Adam shrugged. “Well, it was a shock obviously, but I guess you just have to put it out of your mind, get on with your job.”
“That’s the kind of attitude I’m hoping everybody shares.”
“I’m sure they will.”
“I’m sure so too. I think we’ve got a good team here.”
On the bus on the way home, Adam felt encased in a cloud composed of minute flakes of cardboard.
He’d been disembowelling boxes all afternoon, scooping out their innards of books to fill the ranks of scrupulously-dusted new shelves.
Satan’s Beast was still pressing against his thigh like a lover’s hand.
As he had left the store he had expected his stiffly nervous walk to arouse the suspicions of at least one of the policemen guarding the entrance to the murder site, but he had walked past them unchallenged.
When he stepped off the bus he waited for it to round the corner, then plucked Satan’s Beast from his pocket.
Folding at the knees, he posted the paperback through two of the bars of a drain beside the kerb, and was already walking away when he heard the faint plop below.
Twenty minutes later, a mug of tea in his hand and Debussy on his portable CD player, Adam felt not only calmer but able to think more clearly than he had all day.
Of course the murder had nothing to do with him.

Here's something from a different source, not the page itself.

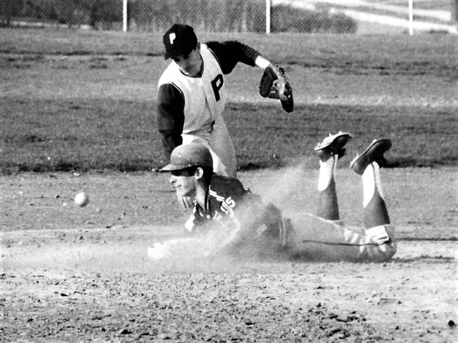 Below is a picture of Mike Danylchuck ('67) trying to tag Teaneck all-star Elliot Silverstein at 2nd base. He looks safe to me.
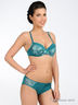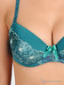 Бюстгальтер Push up на косточках с поролоновыми чашками. Выполнен из эластичного шелковистого материала, чашки внутри с хлопковой подкладкой, дополнены съемным уплотнителем. Съемные эластичные бретели регулируются по длине. Декорирован кружевными вставками. Застегивается на два крючка в три позиции.

It was an appalling coincidence; the killer had probably read Satan’s Beast and sought to imitate it.
There was even the possibility that the killer could be one of his work mates who had got the idea from browsing through the book that Adam had left in the break room.
After all, he had only known them for a couple of days; some of them he had barely exchanged a word with.
Who was to say that one of them wasn’t capable of murder?